Friday, August 21, 2009

AEP seeking stimulus money for pollution controls - Business First of Columbus:

AEP seeking stimulus money for pollution controls - Business First of Columbus:


American Electric Power Company Inc. will seek $334 million in federal stimulus funding to cover part of the cost of installing a carbon dioxide capture-and-storage system at its power plant in New Haven, W.Va., along the Ohio River.
The funding is from the U.S. Department of Energy’s clean-coal power initiative, the Columbus-based company said in a release Thursday.
AEP is calling the system, which involves capturing carbon dioxide emissions and injecting them underground, the first commercial-scale operation of its kind in the nation.
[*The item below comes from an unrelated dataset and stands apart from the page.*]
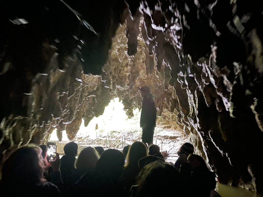 到了萤火虫洞,是一个毛利人导游带我们进去参观。除了我们,还有印度人,德国人,挺有意思的。全程不让拍照,会穿过几个溶洞,有很多钟乳石。在最大的溶洞里,所有导游都会问有没有人要唱歌,团里有一个中国秀儿唱了一段中文歌表达对老婆的爱,听的我汗毛都竖起来了。

The company said the $334 million would cover about half the estimated cost of installing the system at the coal-fired power plant. It will use a chilled ammonia process to capture at least 90 percent of the carbon dioxide from 235 megawatts of the plant’s 1,300 megawatts of electric capacity.
The captured carbon dioxide, approximately 1.5 million metric tons per year, will be treated and compressed, then injected into suitable geologic formations for permanent storage approximately 1.5 miles below the surface, AEP said.
The system will begin commercial operation in 2015, according to the company’s application for funding.
“Commercialization of carbon capture and storage technology is an essential component in a successful climate strategy for this nation,” AEP CEO Michael Morris said in the release. “Coal is a low-cost, abundant domestic fuel source, but its use is a significant source of carbon dioxide emissions.”
AEP said it is forming a diverse technical advisory committee for the West Virginia project, including experts in the field of geologic carbon dioxide storage. This group will include Battelle, Lawrence Livermore National Laboratory, Massachusetts Institute of Technology, Ohio State University, West Virginia University, University of Texas, Ohio Geological Survey, Consol Energy and West Virginia Department of Commerce.
Schlumberger Ltd., an international company based in Paris, will work with AEP to design and deploy the carbon dioxide storage system at the Mountaineer plant. AEP also said it will begin operating a smaller-scale validation of the technology in September at Mountaineer. No federal funds are being used for that project.